IN : L’entité Usbek & Rica est-elle profitable ?

V.S. : Elle fait autour de 4 millions d’euros de chiffre d’affaires et est profitable. Les entreprises continuent de s’adresser à Usbek & Rica pour des formats qui fonctionnent très bien comme le Tribunal des générations futures, mais viennent de plus en plus la chercher sur du conseil, un domaine dans lequel elle a prouvé son sérieux.

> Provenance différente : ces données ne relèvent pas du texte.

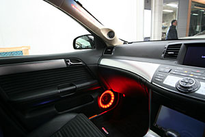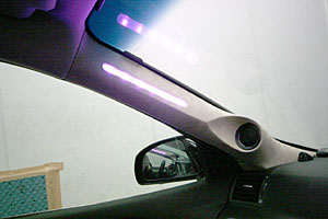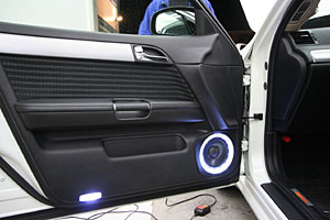Fピラーにツイーターを埋込み、LEDで演出しています。ミッドスピーカーはFドアにインストール、こちらもLEDを付けています。
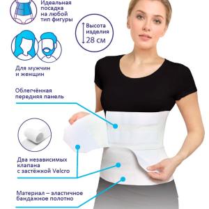 - Высота 28 см – изделие охватывает обширную область брюшной стенки и подходит для высоких пациентов.
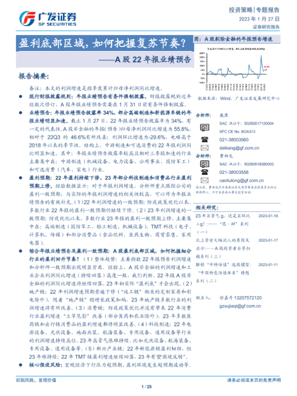 【广发证券】【20230127】A股22年报业绩预告:盈利底部区域,如何把握复苏节奏?-23页 行业研究
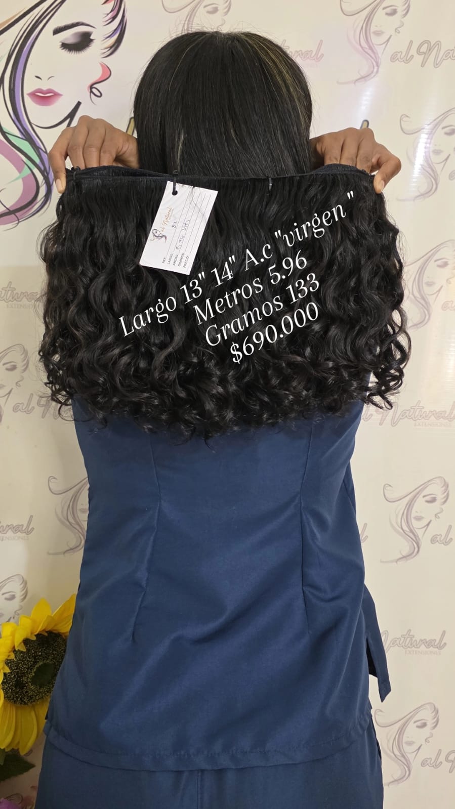 Extensión de cabello Crespo , de 13-14 pulgadas de longitud, Cantidad 5,96 Metros y Pesa 133 Gramos.
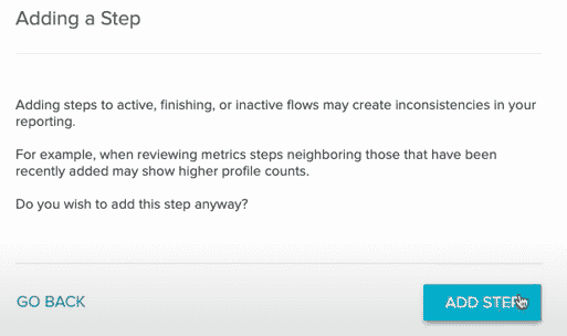 Note: If you wish to insert additional steps into your flow, select the node
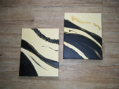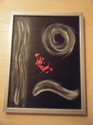 Peinture acrylique, papier collé pour la robe, stylo Posca pour les écritures |
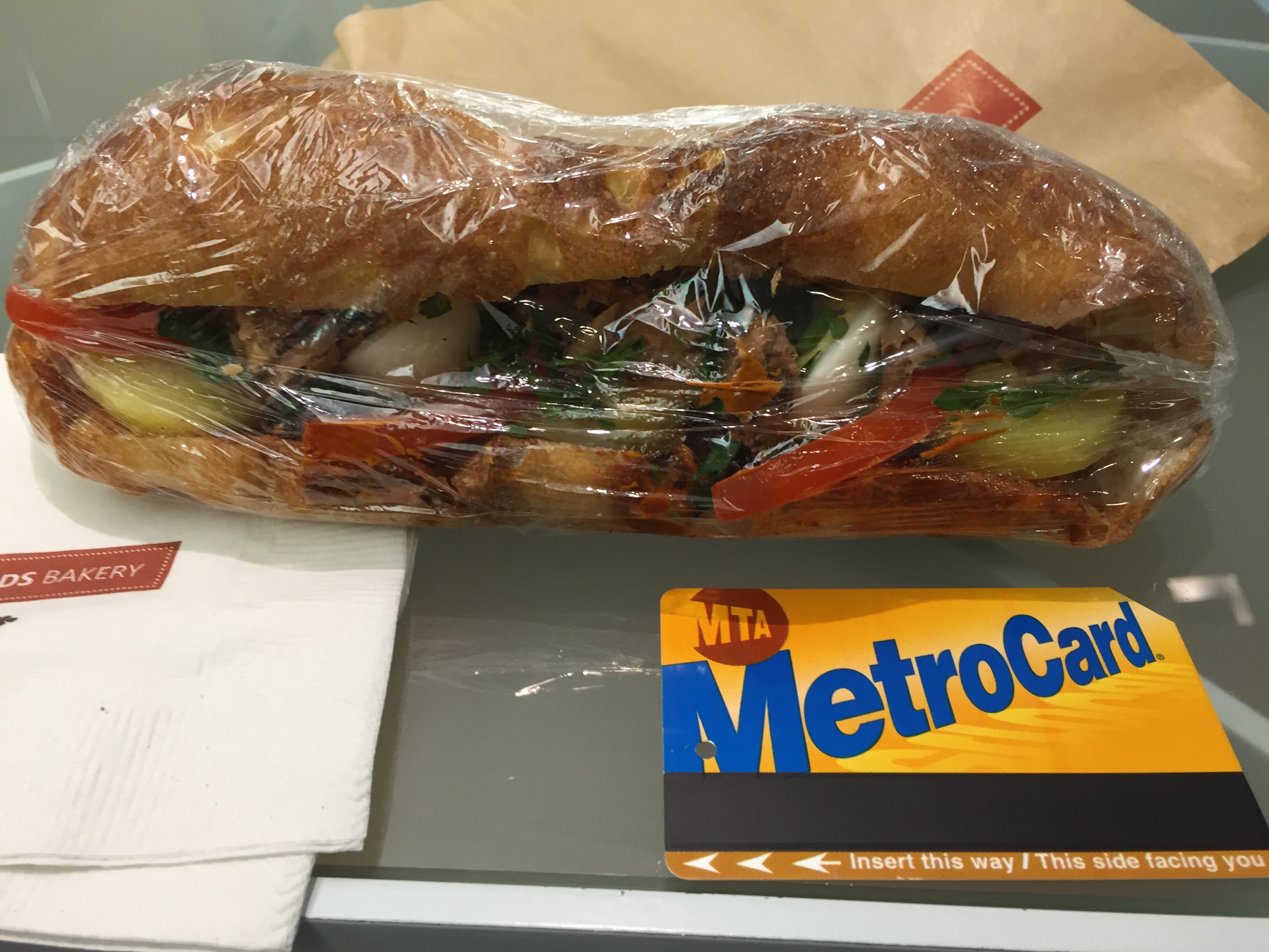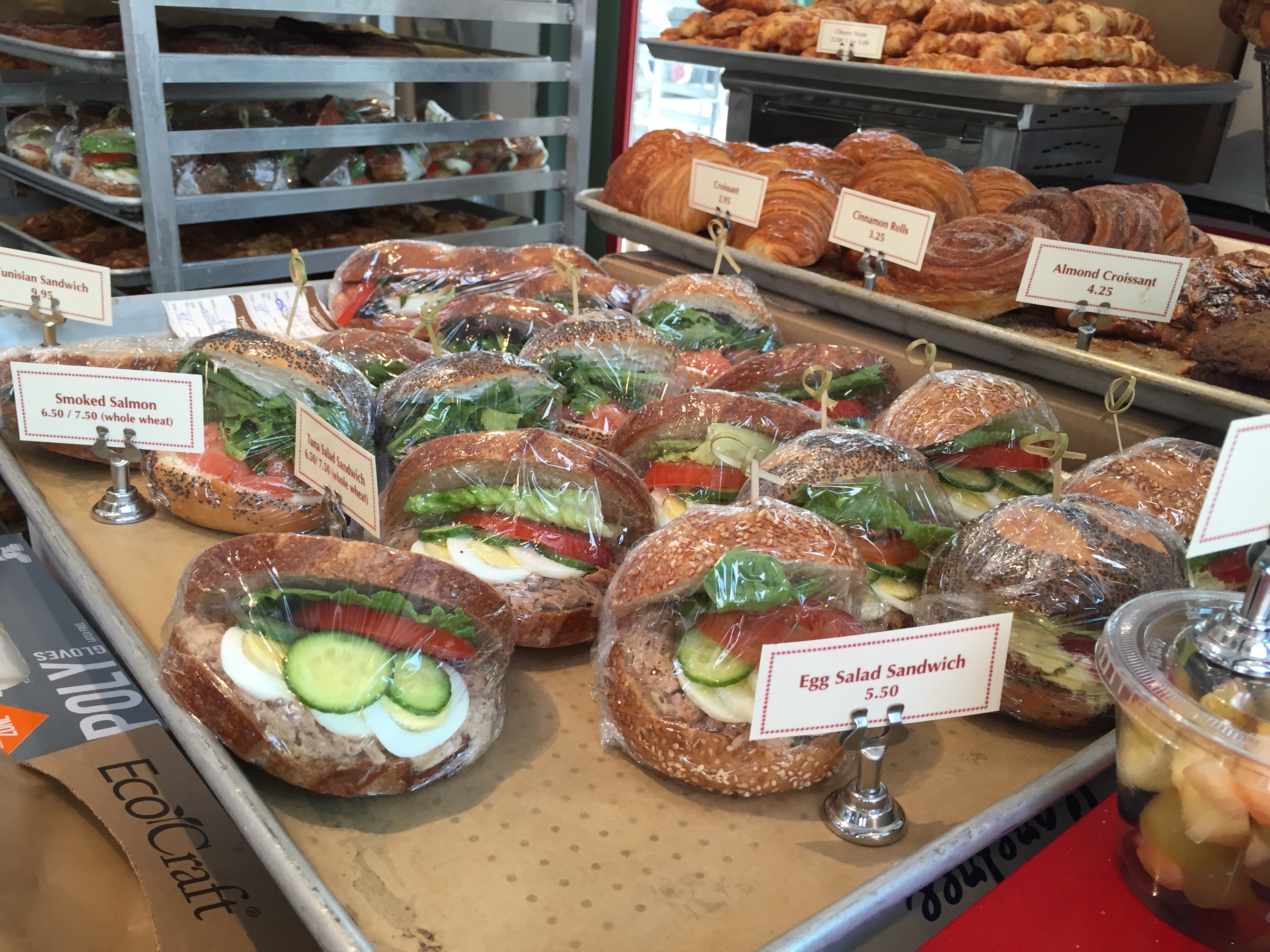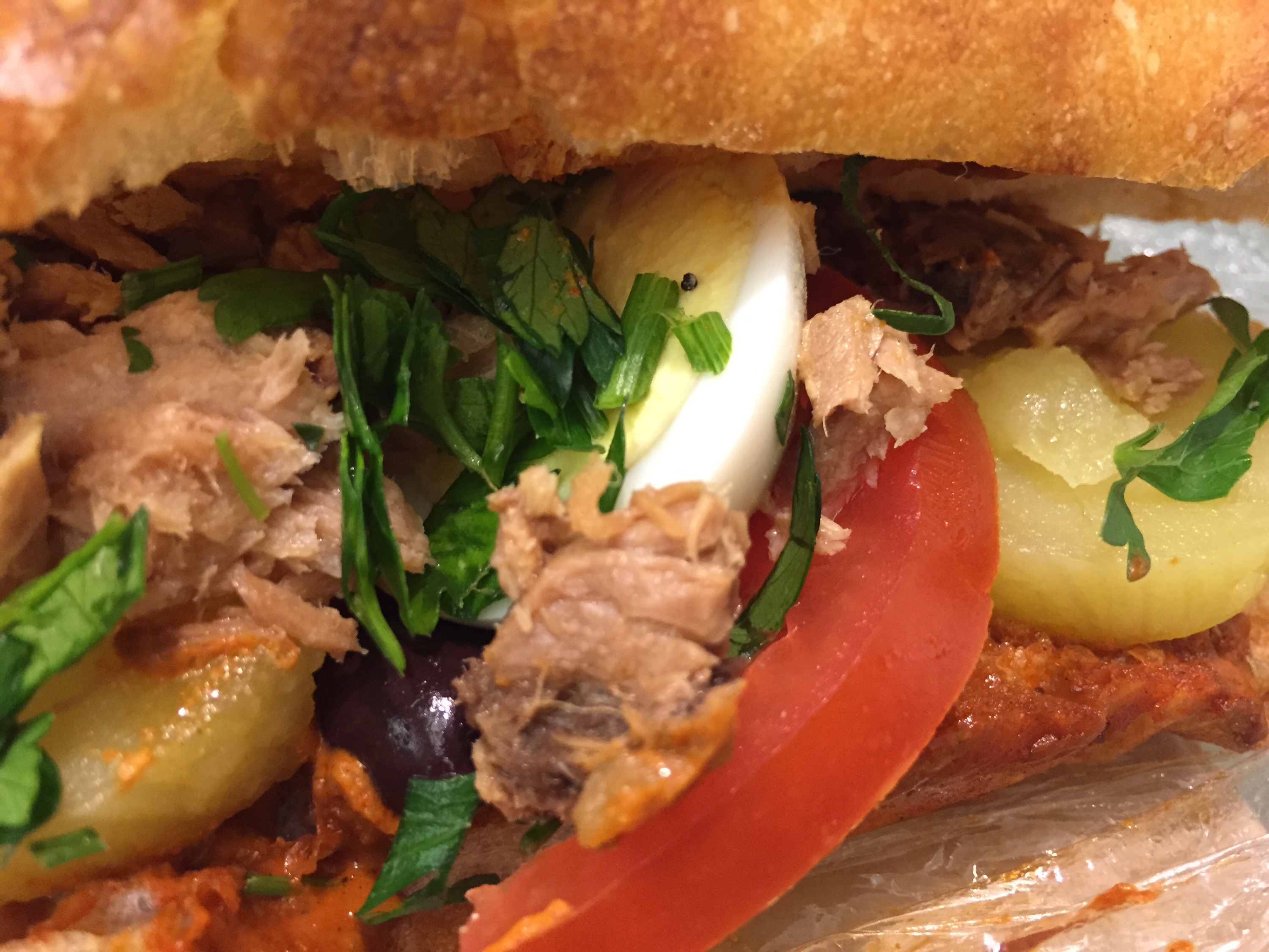 The round buns look a bit too small for a full meal, and not super exciting with the prevalent Egg Salad, Smoked Salmon/cream cheese, and Tuna Salad fillings, so I went with the only large sandwich on a long roll, the Tunisian. It’s also a tuna sandwich, but WAY more interesting with spicy harissa sauce, sliced potatoes, parsley, hard boiled eggs, olives, and tomato. It reminded me vaguely of a nicoise salad squished between some rustic bread.
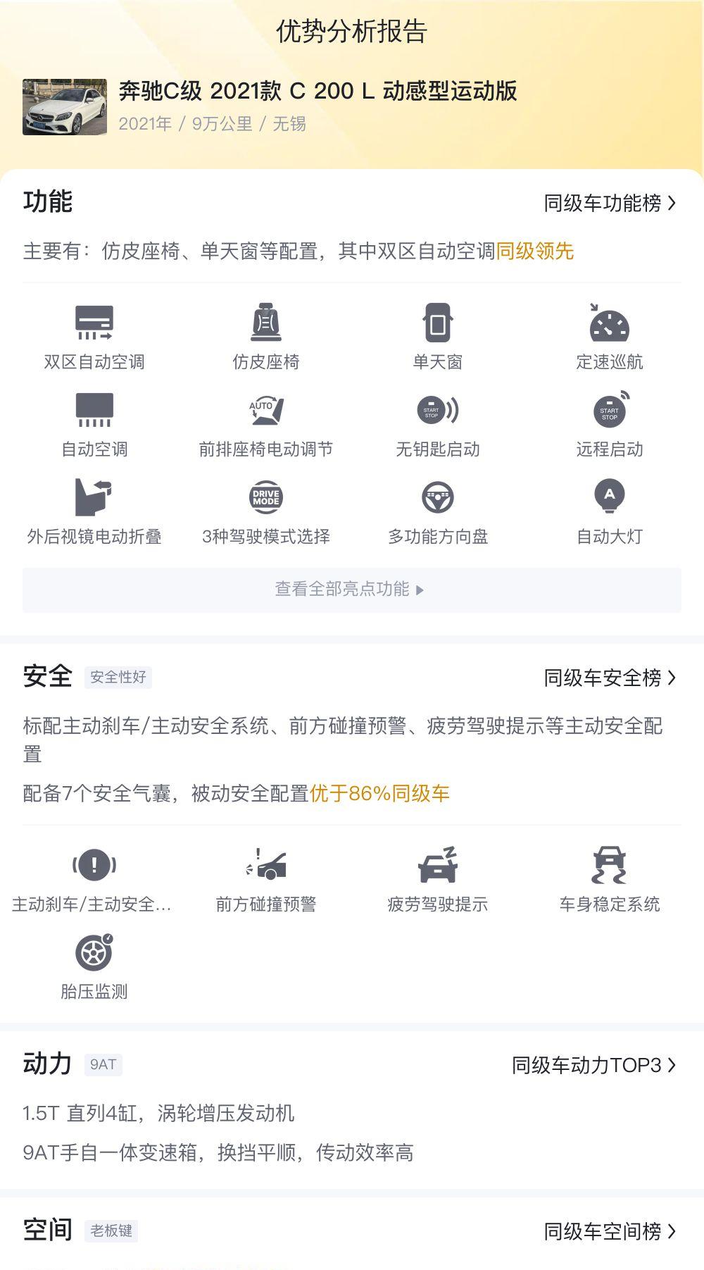 除了价格和车况,性价比也是一个重要的考量因素。性价比并非单纯指价格便宜,而是指在同等价格下,这辆车的配置、性能、品牌价值等方面是否具有优势。2021款奔驰C级动感型运动版,作为一款豪华中级车,在品牌价值、驾驶体验、舒适性配置等方面具有一定的优势。例如,它配备了仿皮座椅、单天窗、双区自动空调等舒适性配置,以及主动刹车/主动安全系统、前方碰撞预警、疲劳驾驶提示、7个安全气囊等安全配置。这些配置在同价位的其他品牌车型中并不常见。
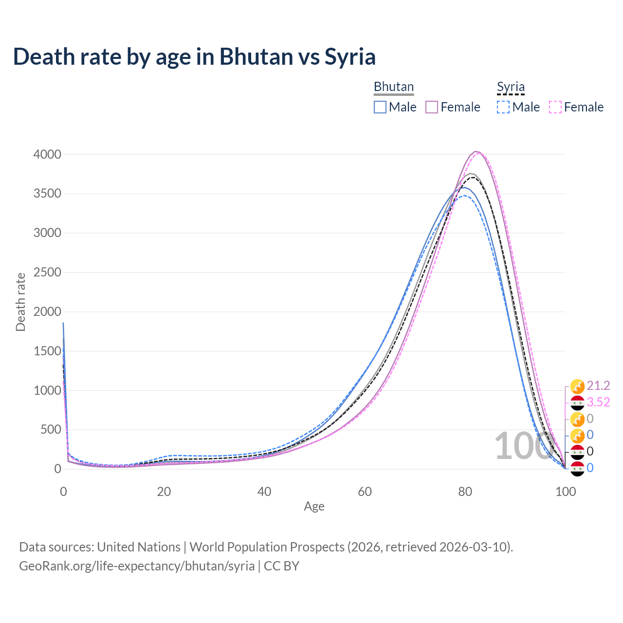 In Bhutan, the most common age of death is 81, compared to 82 in Syria. The median age of death is 77.6 in Bhutan and 77.7 in Syria, meaning only half of each cohort is expected to live past that age.

IN : Avec quelles demandes ?

J.R. : Les marques cherchent à savoir jusqu’où s’engager et où mettre le curseur entre le fait d’être des entreprises militantes ou strictement économiques. C’est un travail assez fin que nous réalisons avec elles. De 2017 à 2019, nous avons accompagné beaucoup d’entreprises dans la définition de leur raison d’être, qu’elles ont ensuite déployé en communication. Depuis quelques temps, elles se réinterrogent sur leur raison d’être. Notre partie conseil va sans doute se renforcer car elles vont nous solliciter sur de la réflexion pure avant de reprendre la parole dans les prochaines années.

Usbek & Rica est profitable. L’événementiel est une vraie ligne de business

IN : Dans cette dimension de prospective et d’une France qui vieillit, quelle est la place du Club des bons ancêtres ?

J.R. : Il y a deux ans, nous avions fait une couverture sur le thème « comment être de bons ancêtres » en réinterrogeant la notion de progrès pour qu’il ne soit pas une fuite en avant déraisonnable mais permette de laisser une trace positive auprès des générations futures. Un an plus tard, nous avons développé ce Club des bons ancêtres qui se réunit dans des entreprises (La MAIF, Thales, La Croix Rouge…) pour réfléchir à la manière dont elles peuvent, dans leur organisation et leur activité, se comporter comme de « bons ancêtres ». Nous leur fournissons des kits d’action pour qu’elles puissent déployer une « pensée cathédrale » qui embarque au moins cinq générations dans leurs organisations.

IN : Quels pourraient être les prochaines extensions de la marque avec les autres entités du groupe CMI ?

V. S. : Il y a des choses à développer ensemble en événementiel sur certaines de nos marques, notamment ELLE qui s’est déjà beaucoup diversifiée. Au-delà de ce qui est déjà lancé sur le guide et la prospective et de ce qui pourrait être fait en événementiel, nous réfléchissons à des thèmes qui pourraient être développés à travers des hors-séries, qui sont toujours de bons formats pour tester l’appétence du public.

IN : Et côté Usbek & Rica ?

J.R. J’ai un rêve secret et intime en BD avec une grande saga autour des personnages d’Usbek et Rica. Pour les 300 ans des Lettres persanes de Montesquieu, nous avions lancé Les Nouvelles Lettres Persanes. Nous sommes en train de préparer avec Robert Laffont (Groupe Editis) une suite qui arrivera en avril 2025.